DATA EXCERPTS -
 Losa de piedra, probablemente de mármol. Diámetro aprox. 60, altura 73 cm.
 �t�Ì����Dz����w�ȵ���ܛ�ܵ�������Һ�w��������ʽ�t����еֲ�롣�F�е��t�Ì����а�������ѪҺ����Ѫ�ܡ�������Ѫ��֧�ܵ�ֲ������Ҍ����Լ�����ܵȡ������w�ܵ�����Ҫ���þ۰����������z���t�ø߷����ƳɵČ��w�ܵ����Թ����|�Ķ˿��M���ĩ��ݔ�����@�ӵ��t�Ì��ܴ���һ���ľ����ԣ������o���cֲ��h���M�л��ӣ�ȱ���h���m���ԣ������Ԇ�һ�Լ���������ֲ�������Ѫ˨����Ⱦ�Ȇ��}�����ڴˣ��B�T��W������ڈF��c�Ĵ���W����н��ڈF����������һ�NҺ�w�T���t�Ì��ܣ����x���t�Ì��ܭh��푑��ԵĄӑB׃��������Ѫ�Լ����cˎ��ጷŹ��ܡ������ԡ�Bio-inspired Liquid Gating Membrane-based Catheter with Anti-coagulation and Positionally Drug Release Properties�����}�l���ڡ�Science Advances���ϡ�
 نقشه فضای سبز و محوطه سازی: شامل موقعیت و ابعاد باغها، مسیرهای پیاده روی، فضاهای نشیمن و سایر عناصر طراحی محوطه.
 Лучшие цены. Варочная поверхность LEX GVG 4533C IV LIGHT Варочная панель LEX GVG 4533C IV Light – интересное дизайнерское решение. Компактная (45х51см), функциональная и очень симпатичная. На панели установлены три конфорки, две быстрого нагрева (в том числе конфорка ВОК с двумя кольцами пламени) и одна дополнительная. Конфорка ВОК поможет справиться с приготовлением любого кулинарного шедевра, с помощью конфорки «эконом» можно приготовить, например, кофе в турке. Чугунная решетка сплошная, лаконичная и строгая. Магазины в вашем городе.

--

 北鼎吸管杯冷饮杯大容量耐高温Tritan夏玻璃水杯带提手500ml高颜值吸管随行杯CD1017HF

WORK ITEM -
When you reach the line holding "نقشه فضای سبز" in the records above, begin reproducing exactly, stop after the line holding "Лучшие цены. Варочная", and output nothing else.

THE ANSWER -
 نقشه فضای سبز و محوطه سازی: شامل موقعیت و ابعاد باغها، مسیرهای پیاده روی، فضاهای نشیمن و سایر عناصر طراحی محوطه.
 Лучшие цены. Варочная поверхность LEX GVG 4533C IV LIGHT Варочная панель LEX GVG 4533C IV Light – интересное дизайнерское решение. Компактная (45х51см), функциональная и очень симпатичная. На панели установлены три конфорки, две быстрого нагрева (в том числе конфорка ВОК с двумя кольцами пламени) и одна дополнительная. Конфорка ВОК поможет справиться с приготовлением любого кулинарного шедевра, с помощью конфорки «эконом» можно приготовить, например, кофе в турке. Чугунная решетка сплошная, лаконичная и строгая. Магазины в вашем городе.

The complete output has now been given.